1. Thanks Brother Haymond! I know I was one of those people who asked this question, and I’m grateful for the reply you gave me. I look forward to your thoughts.

  2. Steve

    “It strikes us differently than anything else we have participated in, and for good reason. The temple experience does not belong to this world…”

    I think this is one of the most important things that people should understand about the temple. You SHOULD feel as though you are stepping into something foreign, the temple should NEVER feel like anything of the world. You’re in the Lord’s house, not a movie theater!

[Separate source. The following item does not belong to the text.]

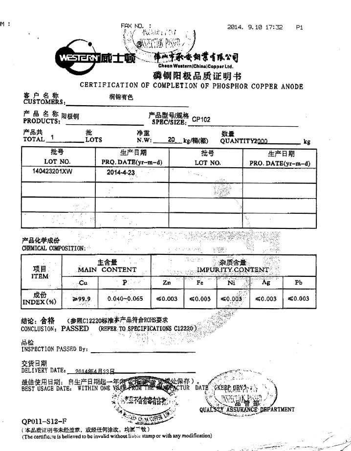 含    量:直徑25mm,銅含量99.9%以上,磷含量0.04-0.065%
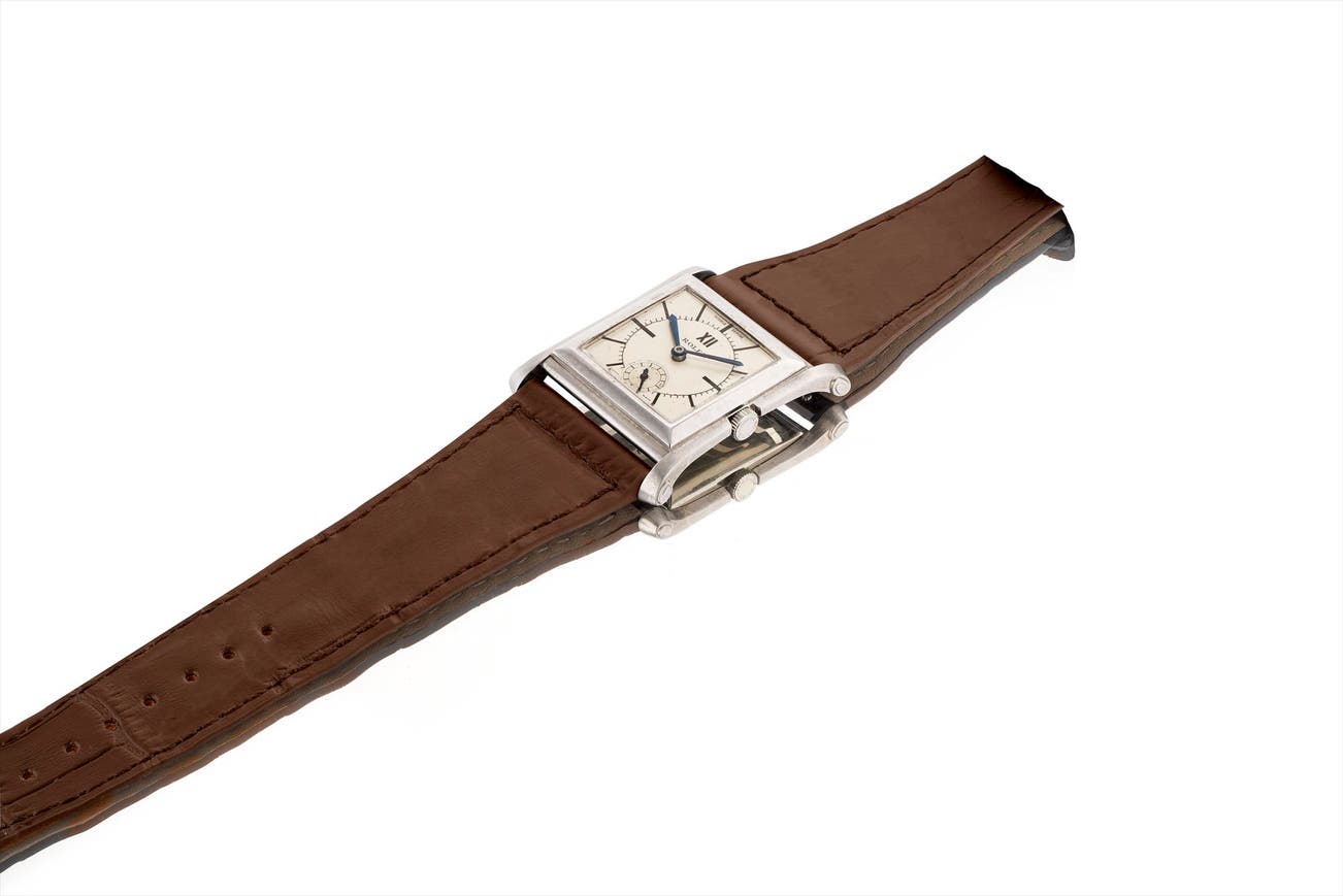 This present reference 912 is a spectacular example in outstanding and original condition. The case numbers are crisp and easily readable without the aid of a loupe. The flared sides, which is an unusual feature, are still very crisp and the two-tone sector dial is mesmerizing. For a watch that is close to a hundred years old, to have retained so many original features, is extremely rare indeed.

    One of my personal observations on symbolism in particular is the connection between symbolism and revelation. I think that the level of symbolism used anywhere is directly connected to the level of revelation required to understand the teaching. The immersive, highly symbolic environment of the temple indicates to me that there is a high level of revelatory teaching meant to happen there. The temples are, in a way, monuments to revelation, the whole environment and experience being designed by God to draw us into direct communication with him. I think it can be fairly easy to describe and understand the purpose of the temple, the challenge is to use it’s many different applications properly and effectively in our lives.

    We have to learn how the Spirit teaches through symbols, then the temple can become a great urim and thummim to us. I think if you can wrap your mind around the fact that EVERYthing in the temple is symbolic and that you understand that you’re starting a journey into a new way of learning that will take you places that you have never dreamed, then your first trip to the temple can be what it should: A journey of awe and an appreciation of the majesty and glory of God.